━━━ EXERCISE INPUT ━━━
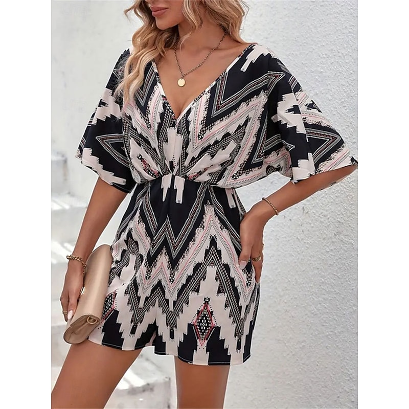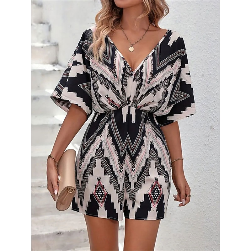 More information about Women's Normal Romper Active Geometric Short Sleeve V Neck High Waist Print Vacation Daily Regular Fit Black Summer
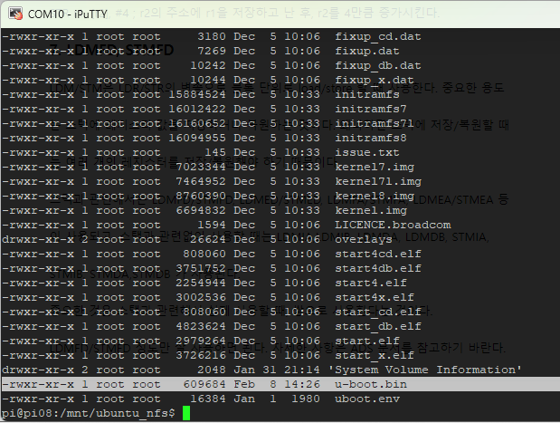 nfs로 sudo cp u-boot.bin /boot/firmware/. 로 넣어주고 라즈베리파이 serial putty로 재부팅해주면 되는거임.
━━━
━━━ EXERCISE INPUT ━━━
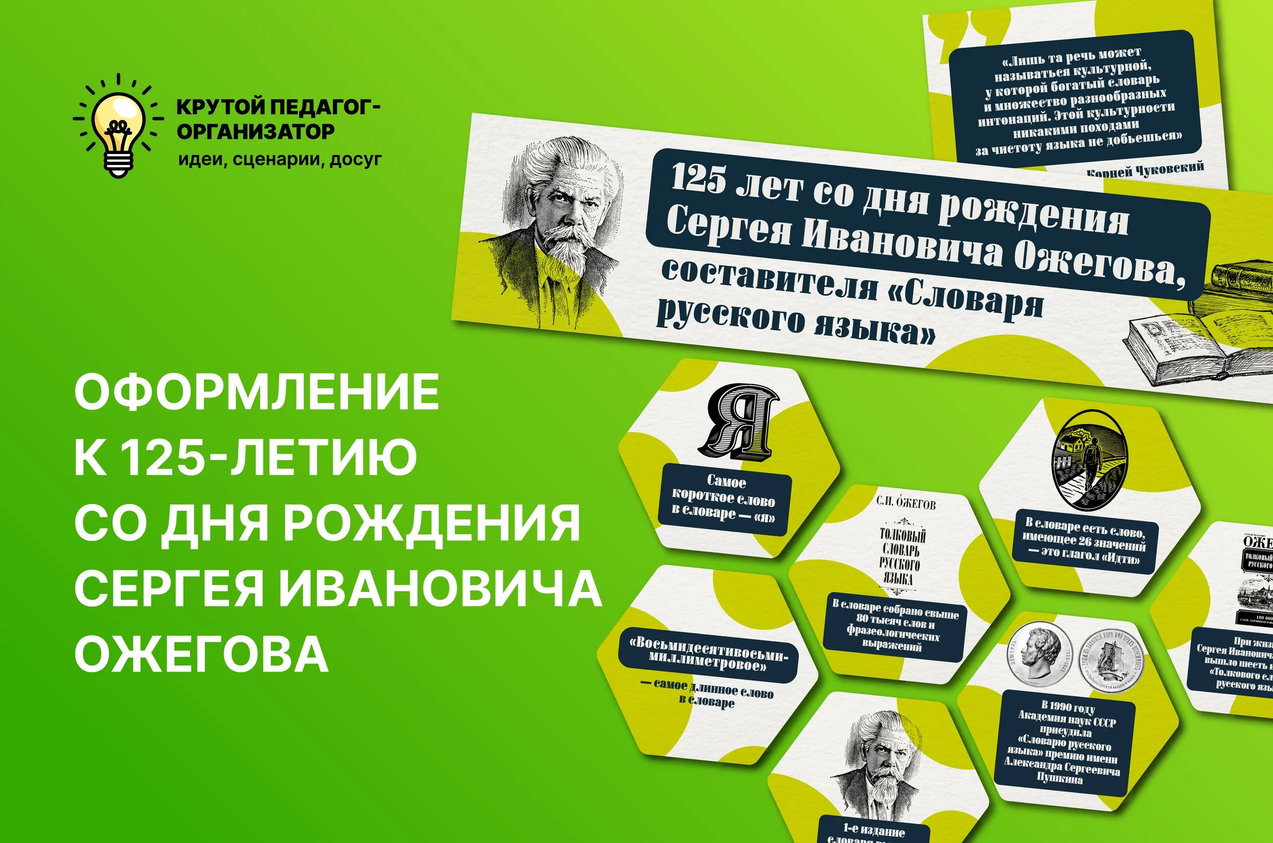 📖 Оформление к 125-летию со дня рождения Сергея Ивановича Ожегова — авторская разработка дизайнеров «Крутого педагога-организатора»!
━━━
WHAT YOU ARE ASKED TO DO.
Leave out every picture, and copy exactly the lines above starting at the one holding "More information about" and ending at the one holding "nfs로 sudo cp", no more and no less.

WORKED SOLUTION.
 More information about Women's Normal Romper Active Geometric Short Sleeve V Neck High Waist Print Vacation Daily Regular Fit Black Summer
 nfs로 sudo cp u-boot.bin /boot/firmware/. 로 넣어주고 라즈베리파이 serial putty로 재부팅해주면 되는거임.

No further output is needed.